Ebola virus, named after a river in Africa where it was first recognized in 1976, is typically zoonotic (i.e., animal borne, such as from monkeys) and can cause Ebola hemorrhagic fever, a serious and often fatal disease in people and animals alike. No approved anti-viral drugs are available, and the infection may result in a rapidly fatal hemorrhagic fever possibly marked by internal and external bleeding.
In Our Own Words
Ebola virus, first recognized more than three decades ago, can spread from animals to other animals and humans. In some cases, Ebola virus may cause a severe disease known as Ebola hemorrhagic fever, possibly triggering massive bleeding followed by death in just two weeks. Viral hemorrhagic fevers most commonly occur in tropical areas of the world; cases in the United States usually involve people who have recently traveled globally.

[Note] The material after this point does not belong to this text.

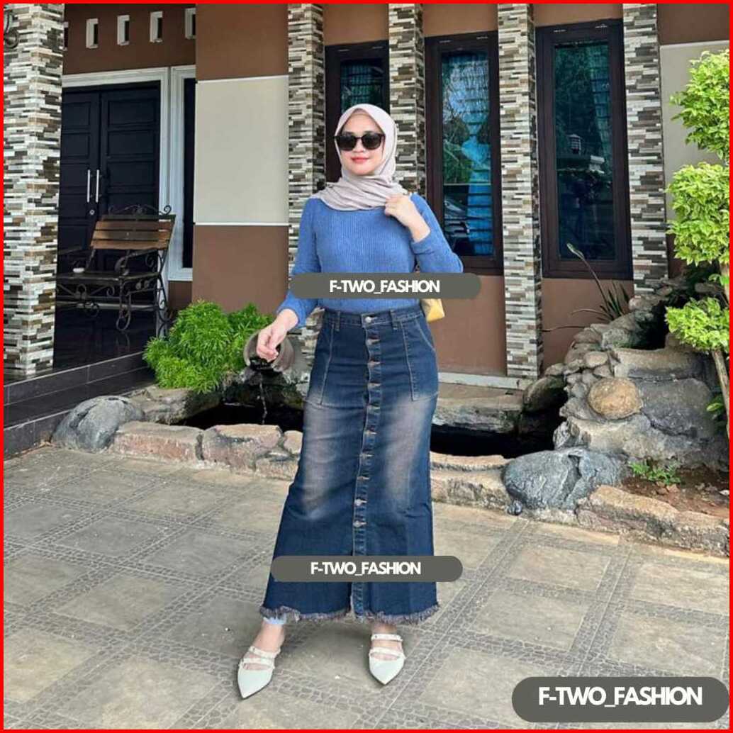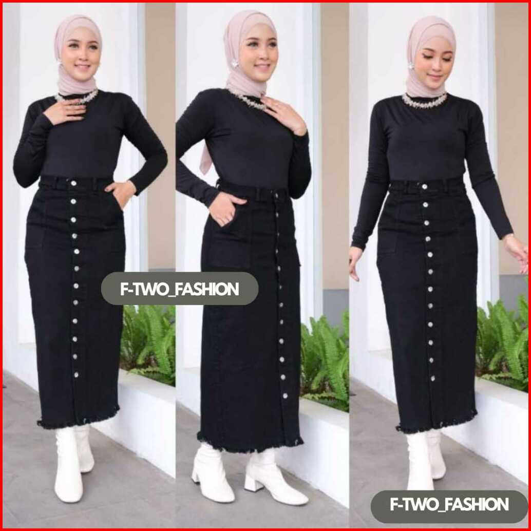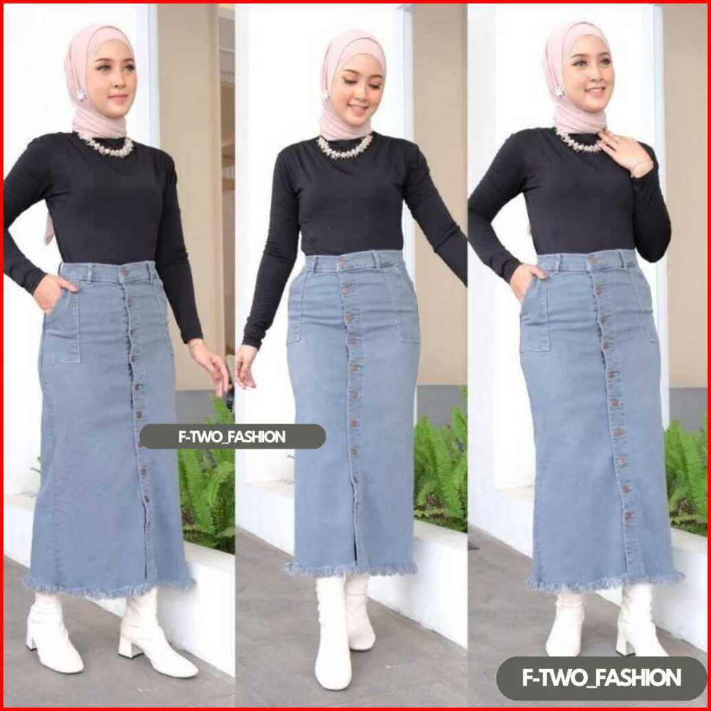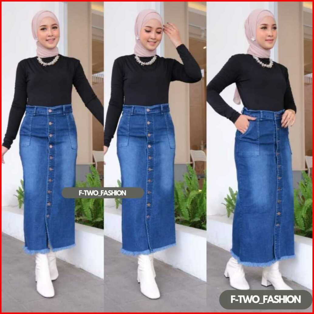 Rok Jeans Streech Span Panjang Gisca Kancing Depan Tebal Melar

After an incubation period of two to 21 days, symptoms may include fever, headache, muscle and joint aches, sore throat, diarrhea, vomiting and stomach pain. Bleeding, both externally and internally, occurs in some patients.
Scientists have discovered more about the virus, recently realizing a protein that helps transport cholesterol across cell membranes also helps the Ebola virus enter. However, no standard treatment exists for the fever. The focus is on supportive care, including balancing of fluids and electrolytes, controlling blood pressure and maintaining oxygen flow.